#### Problem
Print the lines exactly. Start at the first line of the material below, end with the line that contains "(1)当番医は変更になることがあります。電話で確認してから受診してください。", and skip all pictures.

#### Input for this task
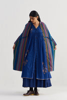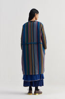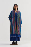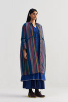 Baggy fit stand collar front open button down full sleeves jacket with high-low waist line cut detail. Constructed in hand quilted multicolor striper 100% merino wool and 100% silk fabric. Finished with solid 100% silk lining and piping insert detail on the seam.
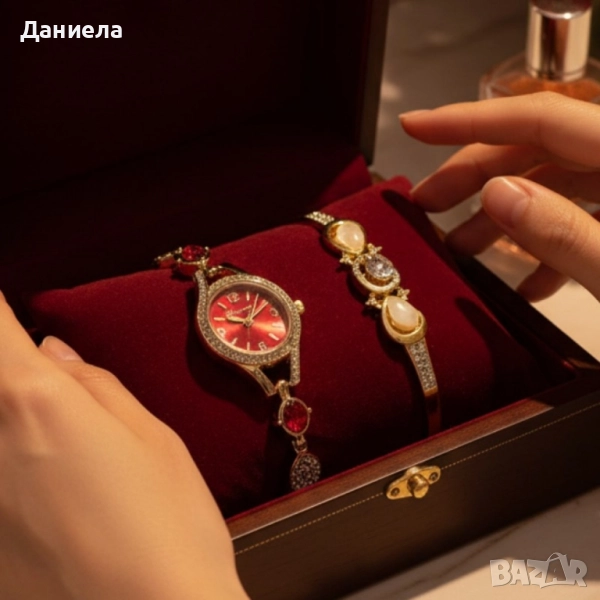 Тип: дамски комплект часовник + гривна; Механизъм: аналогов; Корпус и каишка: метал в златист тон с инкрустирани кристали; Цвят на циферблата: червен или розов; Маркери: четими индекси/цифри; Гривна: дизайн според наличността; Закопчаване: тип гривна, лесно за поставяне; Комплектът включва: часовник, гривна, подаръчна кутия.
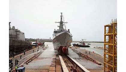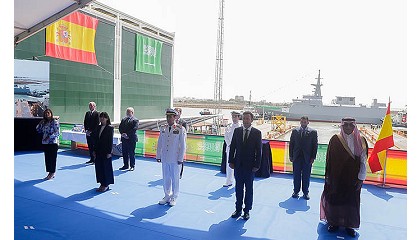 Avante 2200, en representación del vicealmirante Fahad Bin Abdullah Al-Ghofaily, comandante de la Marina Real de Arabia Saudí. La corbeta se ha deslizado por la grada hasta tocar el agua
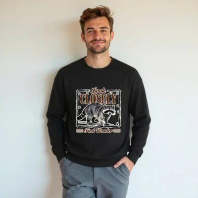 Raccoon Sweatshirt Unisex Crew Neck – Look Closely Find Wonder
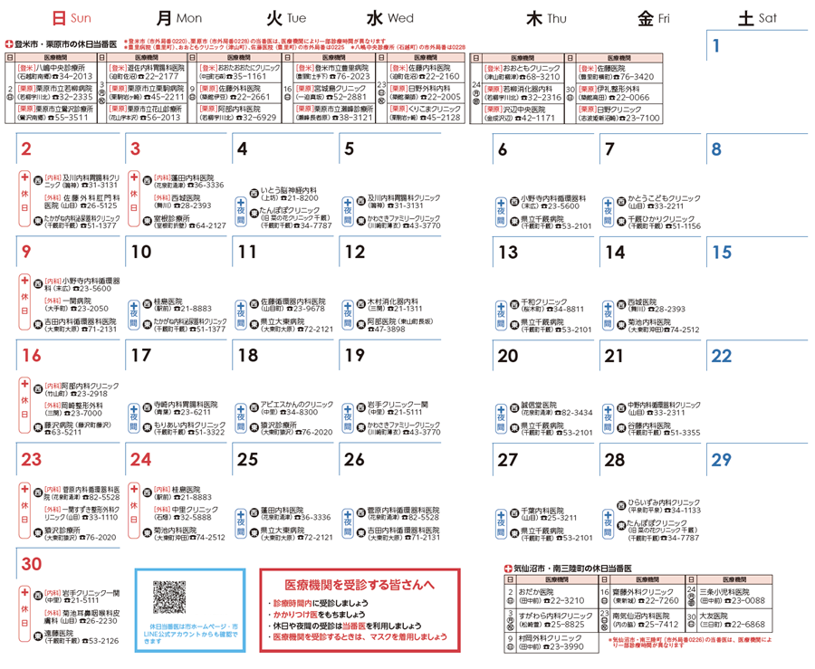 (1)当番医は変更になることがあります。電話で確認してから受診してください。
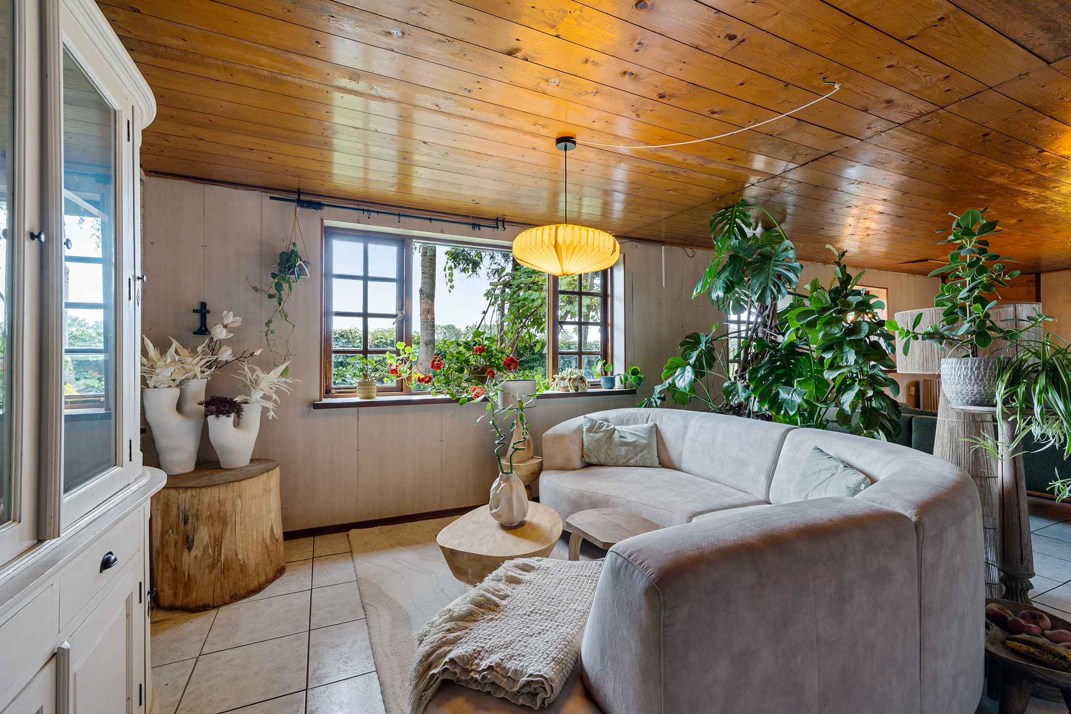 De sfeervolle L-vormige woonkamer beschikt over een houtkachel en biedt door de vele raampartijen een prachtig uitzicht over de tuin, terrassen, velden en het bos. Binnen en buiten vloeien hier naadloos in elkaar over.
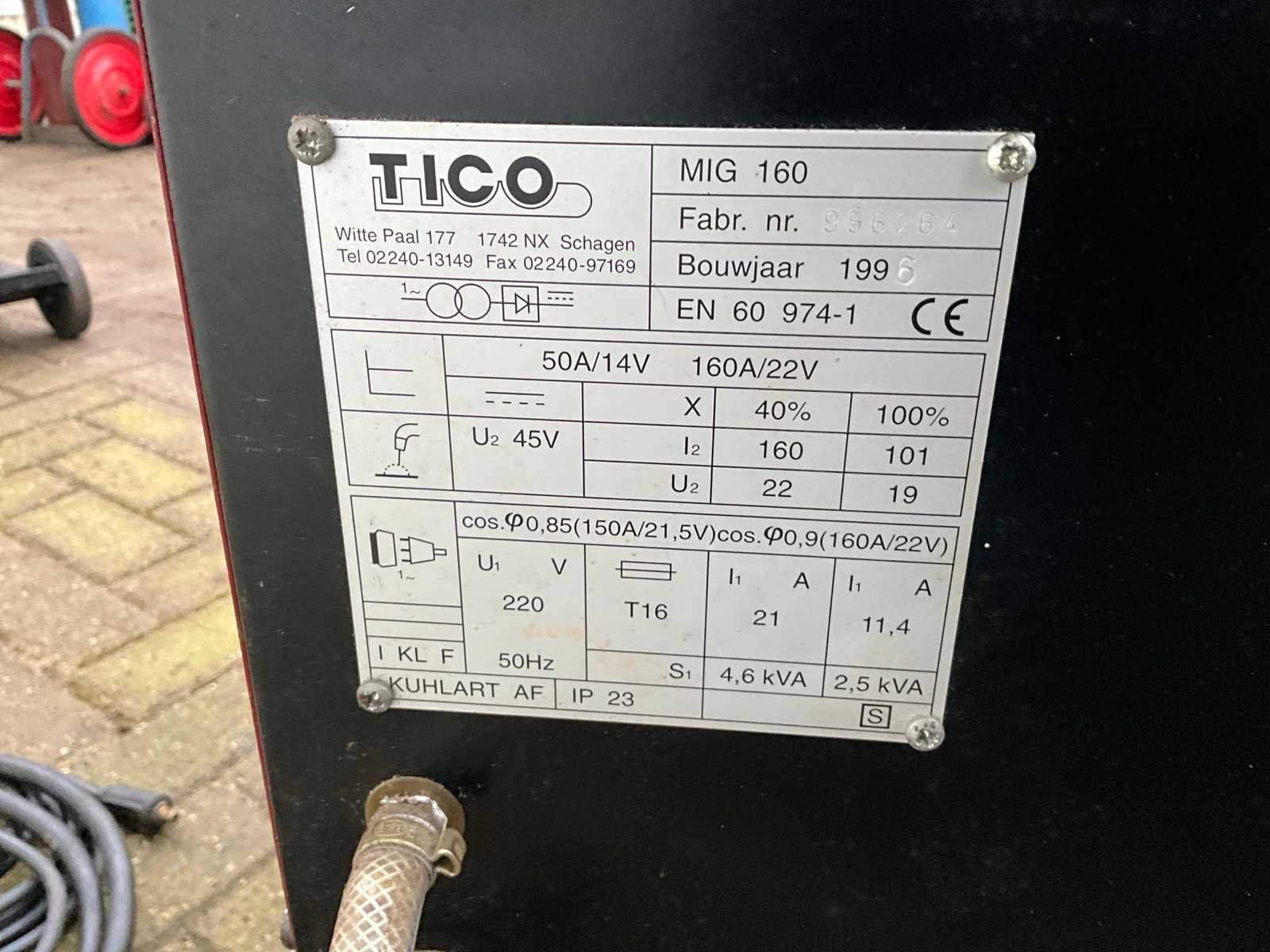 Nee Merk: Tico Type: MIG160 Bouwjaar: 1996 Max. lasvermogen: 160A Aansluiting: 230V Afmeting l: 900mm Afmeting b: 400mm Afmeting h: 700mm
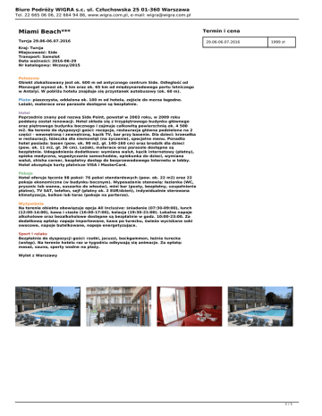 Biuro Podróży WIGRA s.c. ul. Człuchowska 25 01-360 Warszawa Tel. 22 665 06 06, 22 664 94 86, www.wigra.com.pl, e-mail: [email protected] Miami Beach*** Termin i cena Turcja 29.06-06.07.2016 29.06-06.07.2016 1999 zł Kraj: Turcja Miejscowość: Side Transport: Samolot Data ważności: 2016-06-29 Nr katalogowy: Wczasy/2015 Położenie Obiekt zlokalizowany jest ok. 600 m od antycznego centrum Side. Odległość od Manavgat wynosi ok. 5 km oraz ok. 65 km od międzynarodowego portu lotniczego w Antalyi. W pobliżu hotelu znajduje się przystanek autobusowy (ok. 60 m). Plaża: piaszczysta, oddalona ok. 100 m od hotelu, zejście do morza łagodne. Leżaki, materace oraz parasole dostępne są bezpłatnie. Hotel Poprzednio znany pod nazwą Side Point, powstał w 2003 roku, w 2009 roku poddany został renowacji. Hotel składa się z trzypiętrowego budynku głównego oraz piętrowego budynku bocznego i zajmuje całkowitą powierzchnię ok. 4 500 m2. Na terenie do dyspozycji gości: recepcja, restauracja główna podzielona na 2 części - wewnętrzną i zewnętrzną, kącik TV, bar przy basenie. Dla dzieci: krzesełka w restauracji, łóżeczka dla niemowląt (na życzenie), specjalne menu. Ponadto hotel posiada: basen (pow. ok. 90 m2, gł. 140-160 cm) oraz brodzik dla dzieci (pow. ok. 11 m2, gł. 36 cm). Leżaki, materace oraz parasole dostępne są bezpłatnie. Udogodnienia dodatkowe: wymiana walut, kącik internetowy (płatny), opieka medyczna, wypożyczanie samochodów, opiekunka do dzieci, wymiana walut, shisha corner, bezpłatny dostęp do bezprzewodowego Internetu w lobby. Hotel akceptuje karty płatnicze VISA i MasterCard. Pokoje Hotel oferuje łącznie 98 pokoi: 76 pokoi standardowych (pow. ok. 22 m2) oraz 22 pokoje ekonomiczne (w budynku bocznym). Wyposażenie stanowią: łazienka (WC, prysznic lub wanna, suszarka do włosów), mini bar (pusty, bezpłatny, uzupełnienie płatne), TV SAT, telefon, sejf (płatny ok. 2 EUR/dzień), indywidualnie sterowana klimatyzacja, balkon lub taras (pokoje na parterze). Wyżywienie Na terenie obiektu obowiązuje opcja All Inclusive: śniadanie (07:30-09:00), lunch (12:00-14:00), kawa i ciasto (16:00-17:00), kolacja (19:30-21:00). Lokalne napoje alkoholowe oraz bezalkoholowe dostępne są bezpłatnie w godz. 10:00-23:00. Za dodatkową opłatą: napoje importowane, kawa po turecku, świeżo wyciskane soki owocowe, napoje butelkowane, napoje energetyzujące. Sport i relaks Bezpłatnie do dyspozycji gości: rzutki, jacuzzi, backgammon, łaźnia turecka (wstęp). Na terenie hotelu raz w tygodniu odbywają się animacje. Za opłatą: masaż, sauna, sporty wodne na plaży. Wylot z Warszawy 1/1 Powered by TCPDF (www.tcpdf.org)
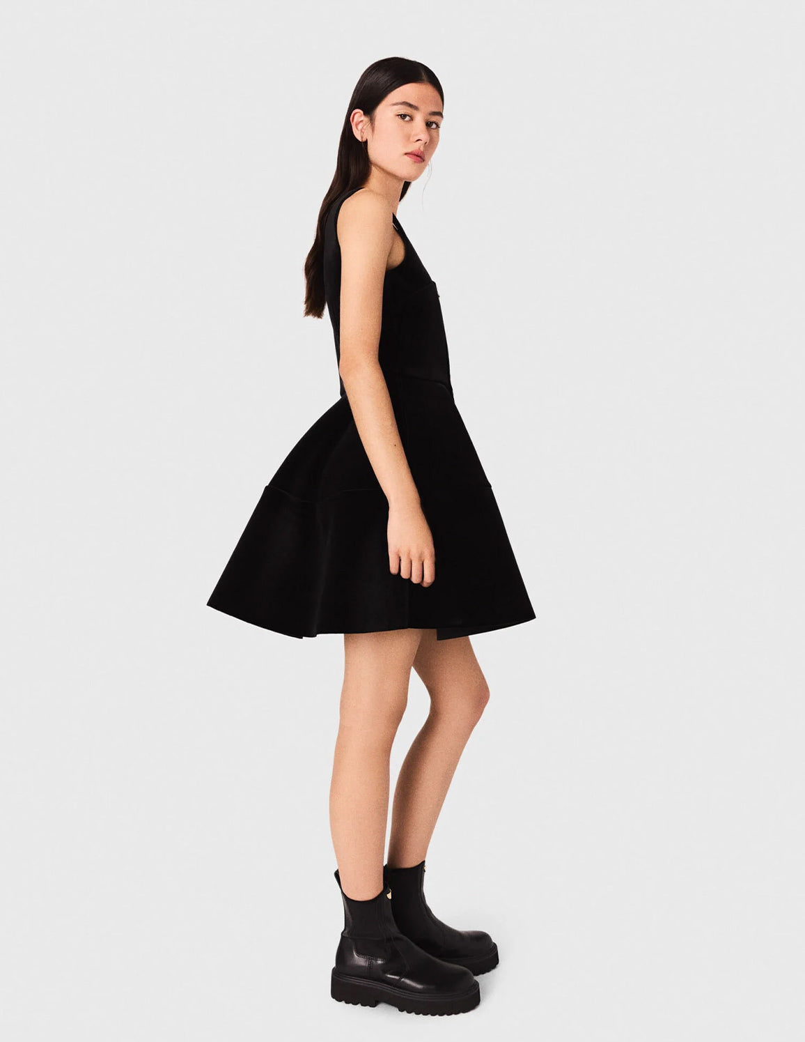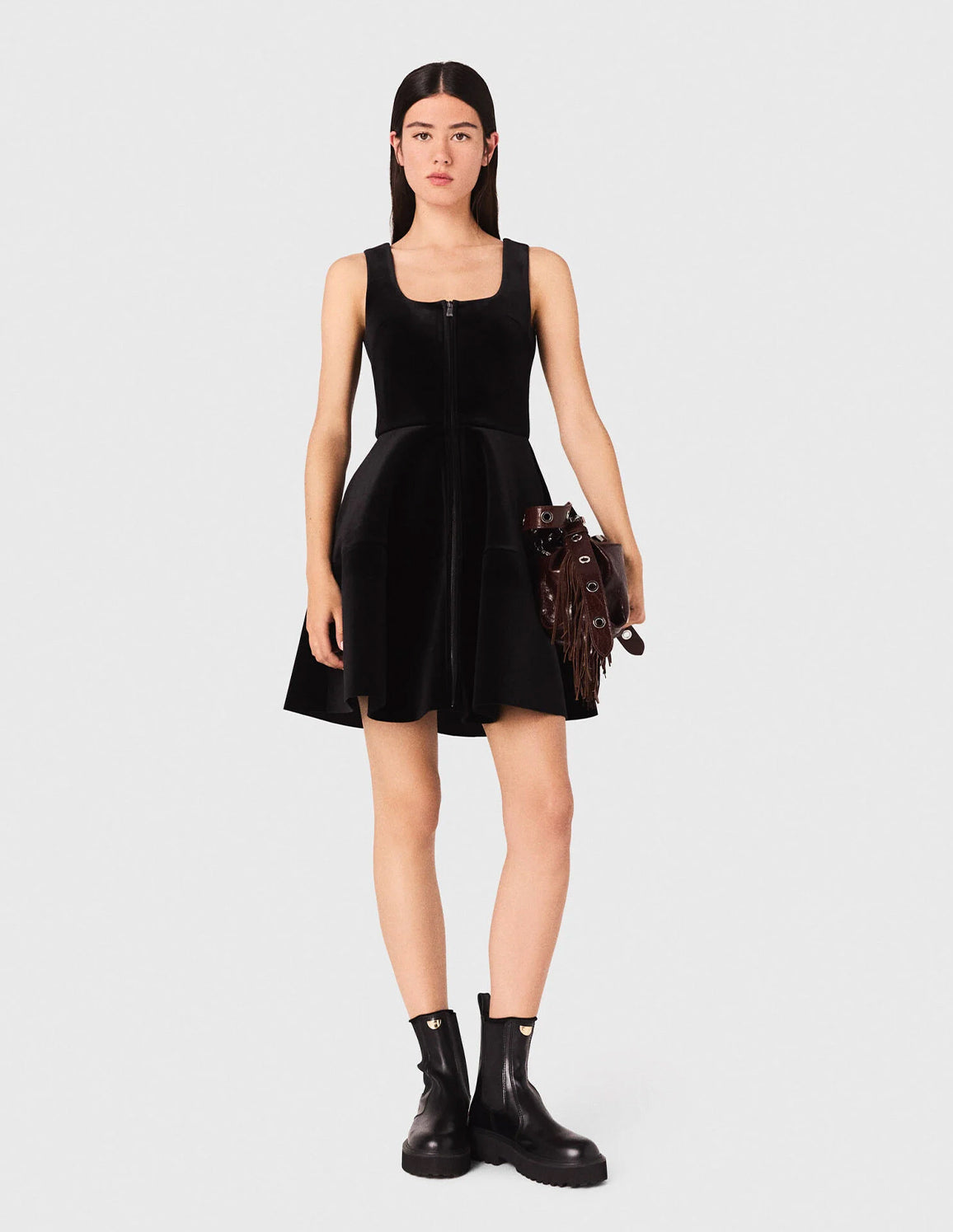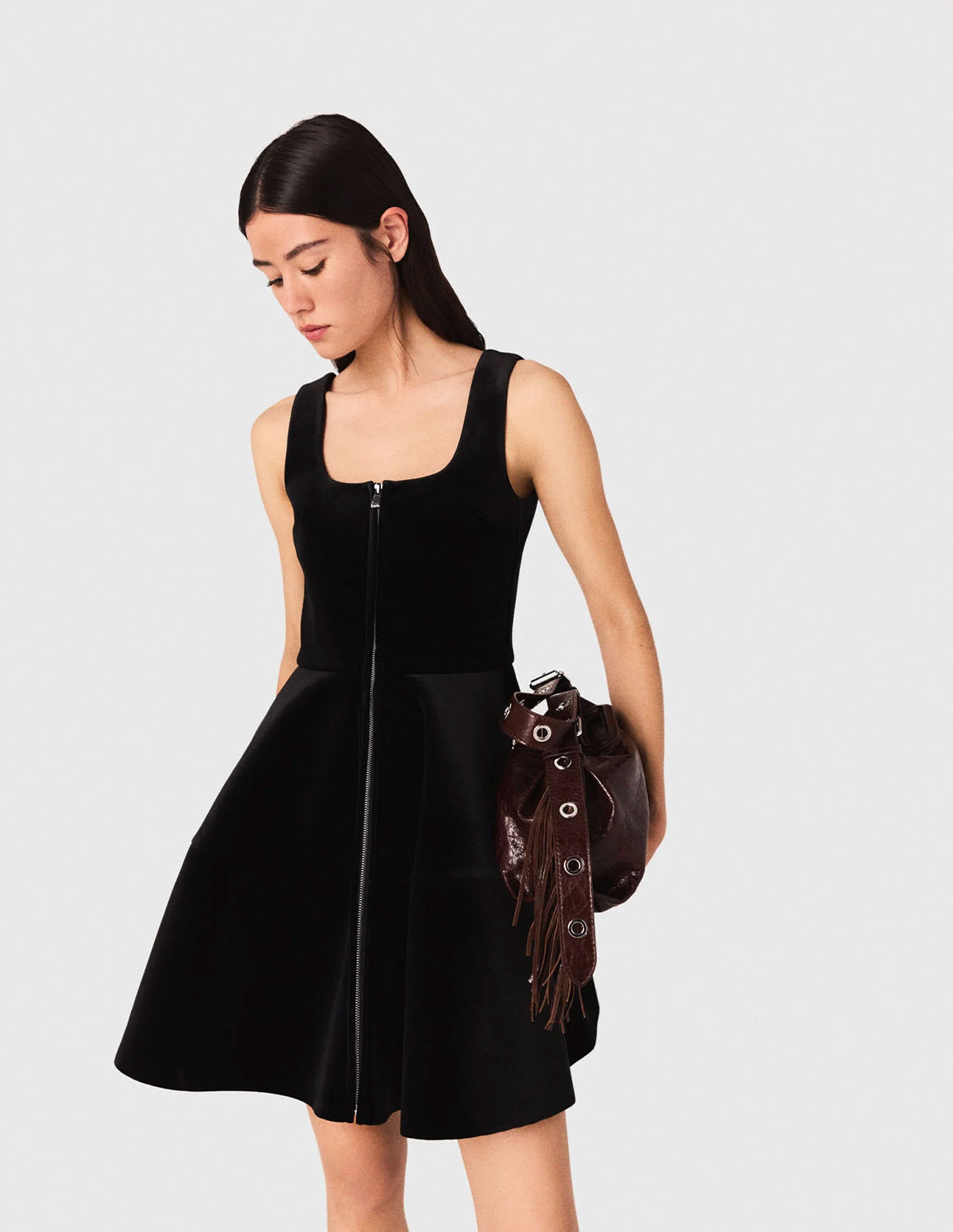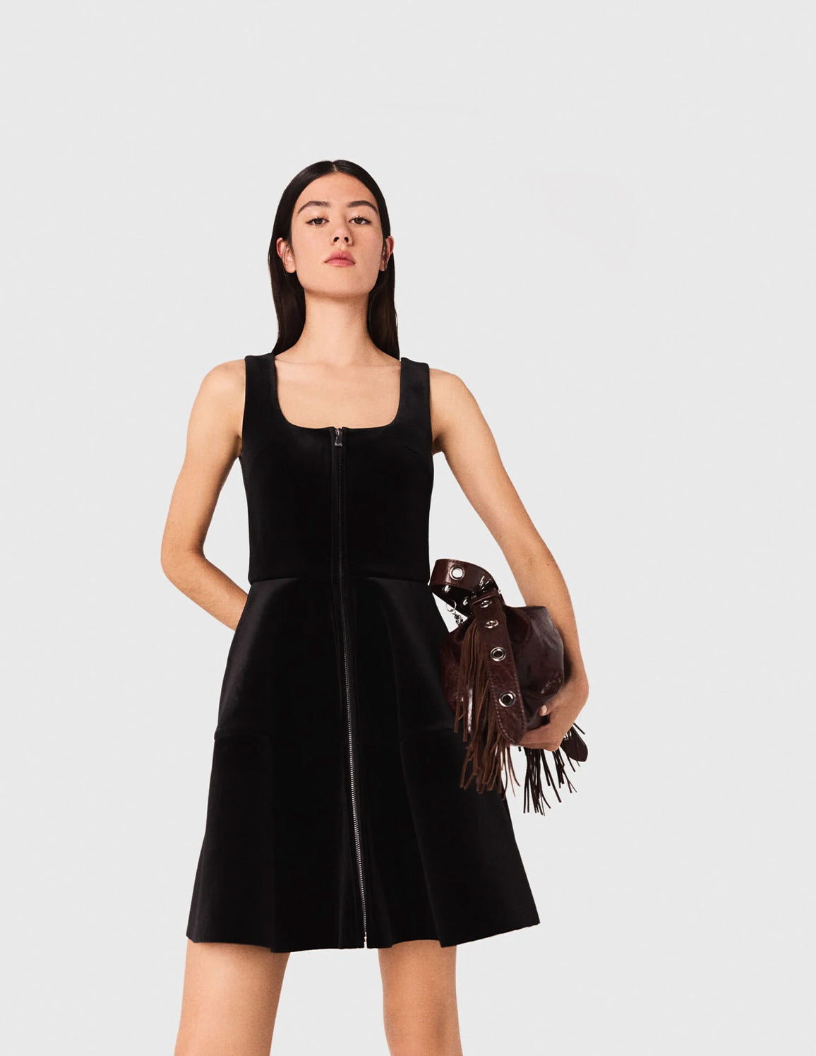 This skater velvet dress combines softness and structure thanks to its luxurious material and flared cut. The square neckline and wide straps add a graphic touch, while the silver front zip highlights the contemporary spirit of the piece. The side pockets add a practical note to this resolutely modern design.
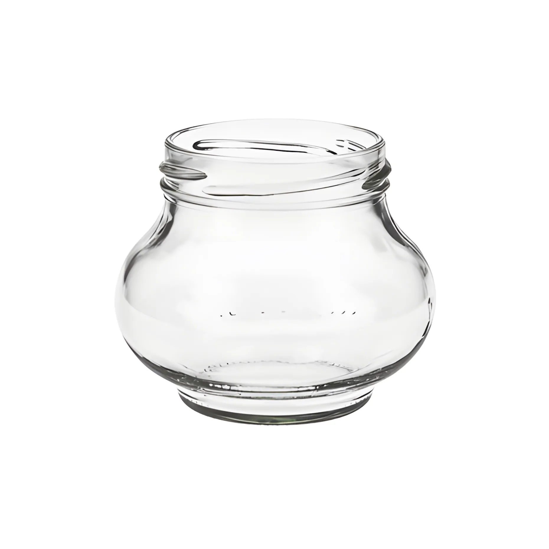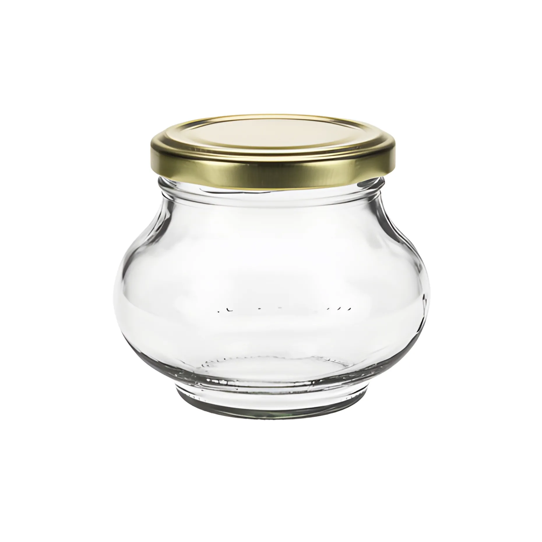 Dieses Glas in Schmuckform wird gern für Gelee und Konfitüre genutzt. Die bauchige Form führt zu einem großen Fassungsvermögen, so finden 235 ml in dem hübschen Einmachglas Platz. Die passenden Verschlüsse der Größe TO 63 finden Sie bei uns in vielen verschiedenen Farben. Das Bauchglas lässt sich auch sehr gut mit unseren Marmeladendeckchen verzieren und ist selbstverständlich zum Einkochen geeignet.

#### Exercise response
 Baggy fit stand collar front open button down full sleeves jacket with high-low waist line cut detail. Constructed in hand quilted multicolor striper 100% merino wool and 100% silk fabric. Finished with solid 100% silk lining and piping insert detail on the seam.
 Тип: дамски комплект часовник + гривна; Механизъм: аналогов; Корпус и каишка: метал в златист тон с инкрустирани кристали; Цвят на циферблата: червен или розов; Маркери: четими индекси/цифри; Гривна: дизайн според наличността; Закопчаване: тип гривна, лесно за поставяне; Комплектът включва: часовник, гривна, подаръчна кутия.
 Avante 2200, en representación del vicealmirante Fahad Bin Abdullah Al-Ghofaily, comandante de la Marina Real de Arabia Saudí. La corbeta se ha deslizado por la grada hasta tocar el agua
 Raccoon Sweatshirt Unisex Crew Neck – Look Closely Find Wonder
 (1)当番医は変更になることがあります。電話で確認してから受診してください。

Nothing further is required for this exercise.